The ending of the trial badger cull in Gloucestershire three weeks early is a clear sign it is not the right way forward in tackling bovine TB, protesters say.
Campaign group Shropshire Against The Badger Cull, set up by friends Jeanette Salisbury-Roberts and Pip Davies, is calling for the resignation or sacking of Owen Paterson because of his role in driving through the badger cull.
The cull ended at noon on Saturday, rather than the December 18 date originally planned, because of a failure to meet even reduced targets.
Those against the badger cull say that is evidence of the flawed process of culling and justification for their opposition to it.
They say any suggestion the cull should be extended to areas including Shropshire next years should now be discounted and other options investigated such as vaccination against TB in badgers.
The campaigners say the cull is not tried and tested and that by its very nature it is too random to be effective.
Ms Salisbury-Roberts, from Wern, Weston Rhyn, said today: "Whilst we're delighted that the cull has ended for now in Gloucestershire, we will still keep fighting to stop this totally unscientific method of dealing with bovine TB.
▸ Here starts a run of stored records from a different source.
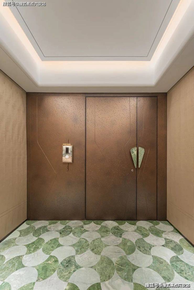 细节处,奢石与影木交相辉映,以水刀拼花工艺铺就艺术长廊,从电梯厅延伸至室内;大师美学灵感的奢雅渗透生活每一处肌理。
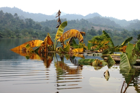 Nước lên khiến những cây chuối to, cao cũng chỉ c̣n nổi phần ngọn |
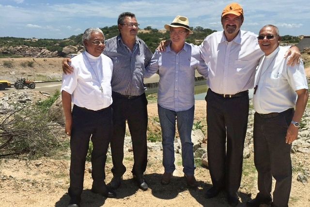 O presidente da Frente Parlamentar da Água da ALPB, deputado estadual, Jeová Campos (PSB) e o deputado Galego de Sousa acompanharam a comitiva que contou ainda com as presenças dos bispos de Natal, Dom Jaime, Dom Mariano, de Mossoró, Dom Antônio Carlos, de Caicó e Dom José Luiz, de Pesqueira, além de representantes do Ministério da Integração Nacional, DNOCS, INCRA, da senadora Fátima Bezerra e outros bispos da CNBB NE.
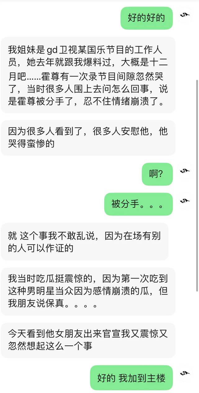 该知情人士表示,在2020年12月份录制一档国乐节目期间,霍尊有次在录制现场当众大哭。等现场嘉宾安慰了解之后,才知道霍尊是被分手了,所以情绪崩溃直接大哭。
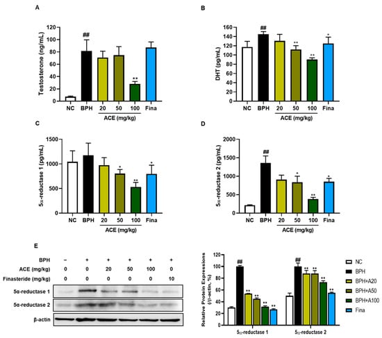 The plasma levels of DHT, testosterone, and 5α-reductase were markedly increased in the BPH group compared to those in the NC group (Figure 3A–D, p < 0.01). The levels of these biological molecules decreased dose-dependently in ACE (AGEprost®)-treated groups. Specifically, the levels of testosterone, DHT, and 5α-reductase1 and 2 were significantly suppressed in the group treated with 100 mg/kg of standardized ACE by 65.65%, 37.81%, 54.79%, and 71.92%, respectively, compared to those in the BPH group (p < 0.01), with no significant difference from the NC group. Finasteride, a known 5α-reductase type 2 inhibitor, significantly suppressed DHT and 5α-reductase type 1 and 2 levels compared to those in the BPH group (p < 0.05). Similar to plasma concentrations, the levels of 5α-reductase type 1 and 2 in prostrate tissues showed a significant increase in the BPH group compared to those in the NC group (Figure 3E, p < 0.01). Both finasteride and ACE (AGEprost®) remarkably attenuated the expression of these enzymes in the prostate relative to those in the BPH group (p < 0.01).
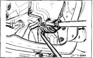 • Если необходимо снять карданный вал в сборе, то и корпусом коробки передач. Поверните монтиров- Внимание! во избежание повреждения коробки под-
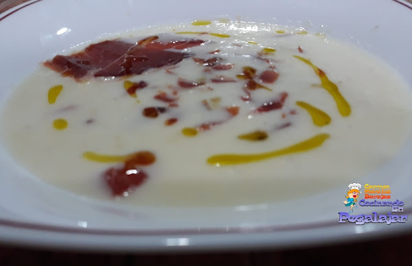 Grandiosa y exquisita Crema fría de melón que para estos días de calor viene perfecta, y la vamos acompañar con un Crujiente de jamón serrano, un buen chorreón de Aceite de oliva virgen extra y para darle chispa a la Crema, unas Pasas hidratada en Brandy.
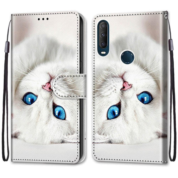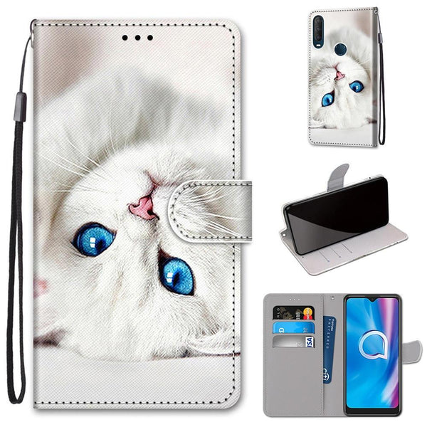 For Alcatel 1SE 2020 Coloured Drawing Cross Texture Horizontal Flip PU Leather Case with Holder & Card Slots & Wallet & Lanyard(White Kitten)
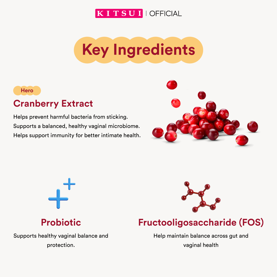 Gabungan ekstrak cranberry, probiotik dan prebiotik membantu menyokong keseimbangan bakteria baik dan kesejahteraan kawasan intim secara menyeluruh.

"Mr Paterson seems convinced that for now, this is the only way forward in the treatment of this awful disease. This is despite significant evidence to show that culling can in fact make matters worse.
"Infected badgers who are under threat may leave their sets and move into other areas, potentially spreading the disease.
"Not one of the badgers killed has been tested for TB – why has the Government passed up the ideal opportunity to obtain scientific data from the cull?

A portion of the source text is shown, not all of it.